In order to make predictions around whether tweets are correlated with a given state’s happiness ranking, the raw text of the individual tweets needed to be analyzed to determine the general opinion of the content. We did this by leveraging existing algorithms in Python3 to determine the Twitter Users’ attitude, and strength of their sentiment, in a given tweet.

Approach

Using the Python3 package VADER, a lexicon of positive and negative words was created. The frequency of these words was then counted in each tweet and recorded. As described in Cleaning and Preparing the Twitter Data, the sentiment of each tweet was assigned into four classes: Positive, Negative, Neutral, and Compound, and then binned into 5 categories, Very Negative, Little Negative, Neutral, Little Positive, Very Positive. For more details on this, refer to the Binning the Twitter Data Section.

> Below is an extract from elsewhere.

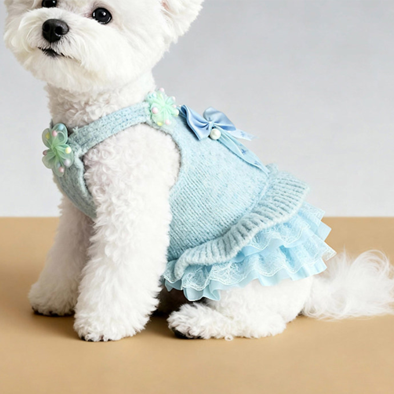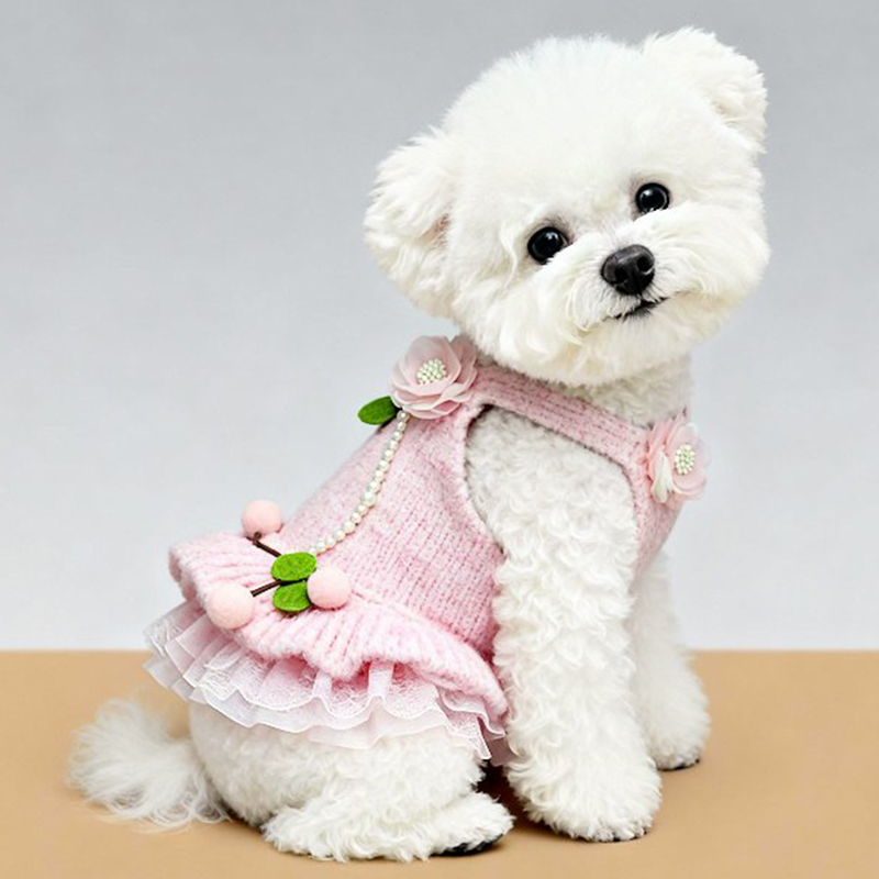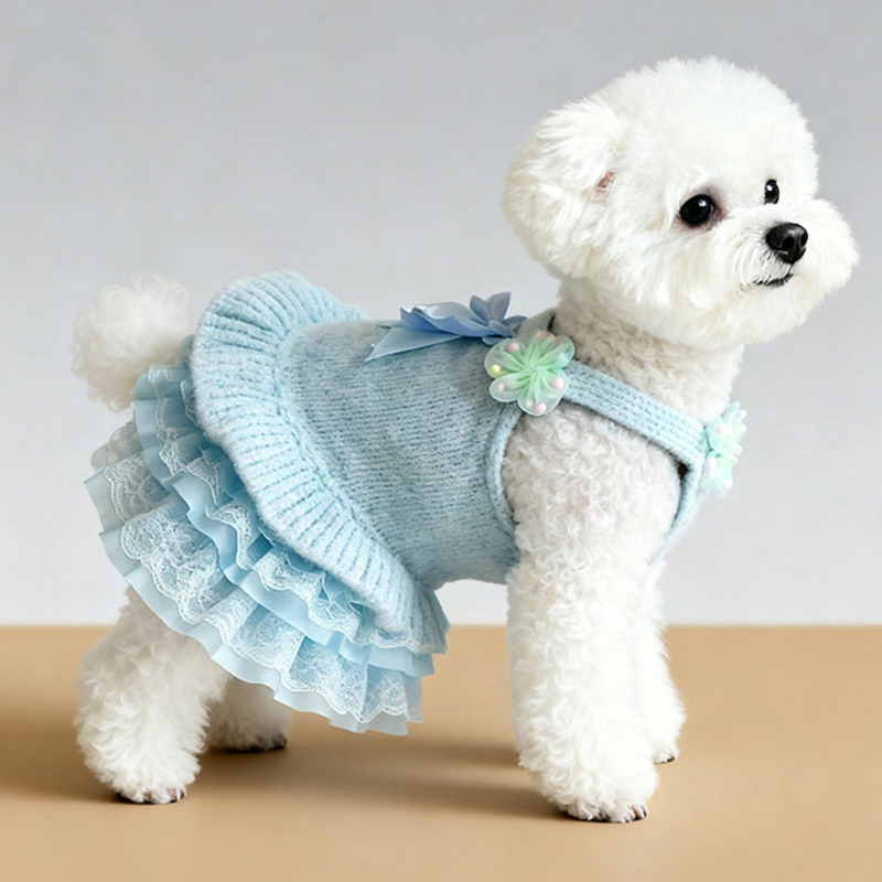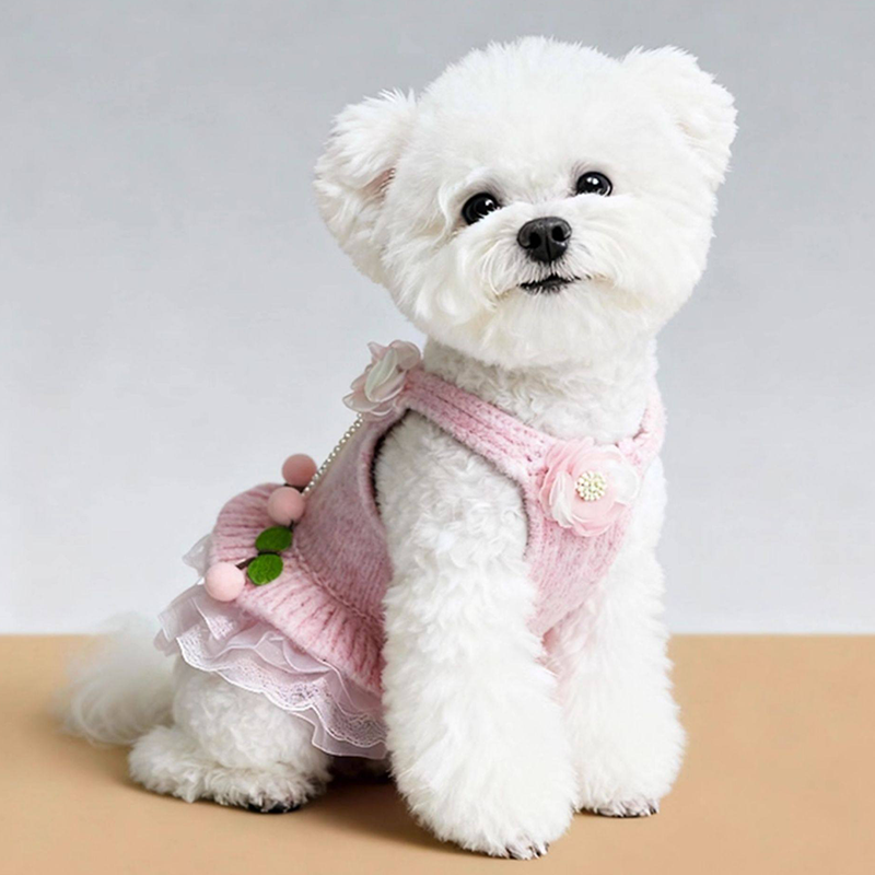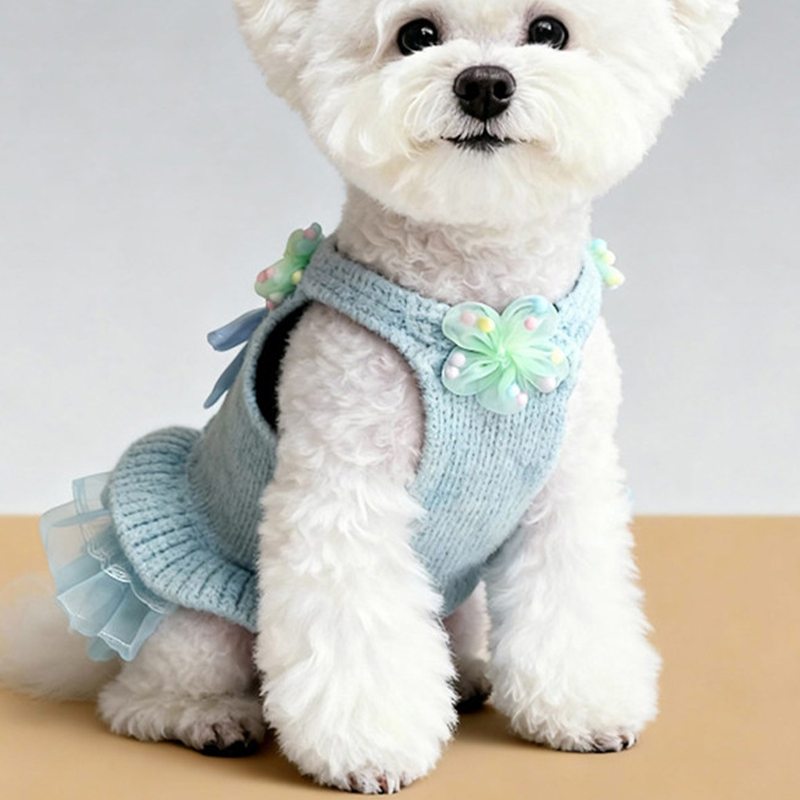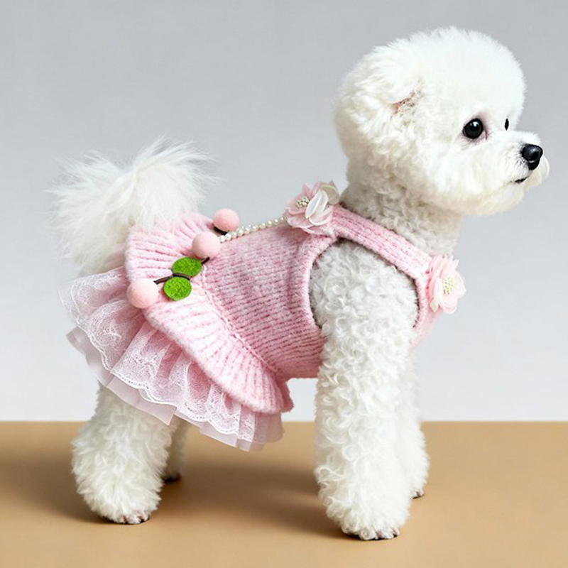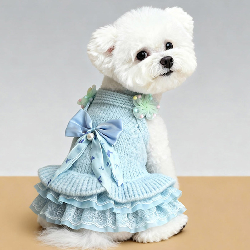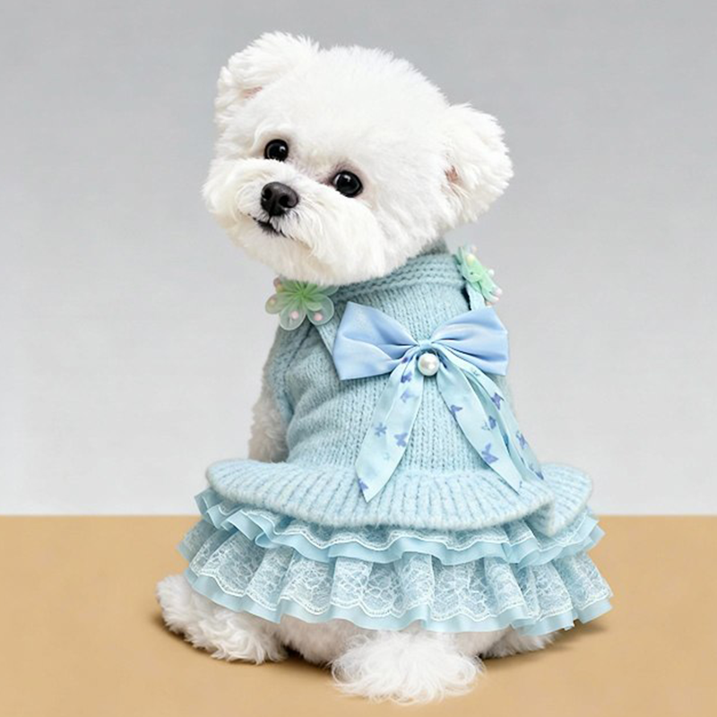 This cartoon knit sweater dress is designed for small and medium dogs to stay warm and stylish during autumn and winter. Made with thick knitted fabric, it provides cozy insulation and a soft comfortable feel, while the dress style adds a cute and fashionable look, making it ideal for daily wear, outings, and cold weather protection.

Sentiment Exploratory Analysis

To confirm that the sentiment was correctly assigned by the  Python3 package VADER, a sample of 50 tweets was randomly gathered and hand-labeled for sentiment. Additional detail on the specifics of this analysis are outlined in the table below.

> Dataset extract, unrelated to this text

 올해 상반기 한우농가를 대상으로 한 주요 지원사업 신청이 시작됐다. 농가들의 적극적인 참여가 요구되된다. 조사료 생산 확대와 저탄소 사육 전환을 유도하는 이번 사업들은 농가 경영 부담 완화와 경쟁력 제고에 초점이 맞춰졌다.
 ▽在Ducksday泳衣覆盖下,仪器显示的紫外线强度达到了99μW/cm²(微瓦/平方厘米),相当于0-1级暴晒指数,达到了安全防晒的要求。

Based on the sample of tweets from the Twitter Data, we found that only 8%, or 4 tweets, contained a sentiment assignment very far off from what was hand-assigned. All 4 of these discrepancies were of the case that the tweet was hand-assigned as ‘Negative’, but assigned by the VADAR algorithm as ‘Very Positive’ – suggesting that the VADAR algorithm may have a slight preference towards the positive. This could potentially be explained by the issue of detecting sarcasm, which continues to be both a problem for hand assignment and in algorithm application. Based on the minimal percentage of discrepancies in the sample of tweets, it was determined that the VADAR algorithm sufficiently determined the sentiment of the raw tweet text.

 

Sentiment Prediction Question – Can the count of friends, count of followers, count of favorites, count of retweets, and result type of a given tweet be predicted by the sentiment label of the tweet?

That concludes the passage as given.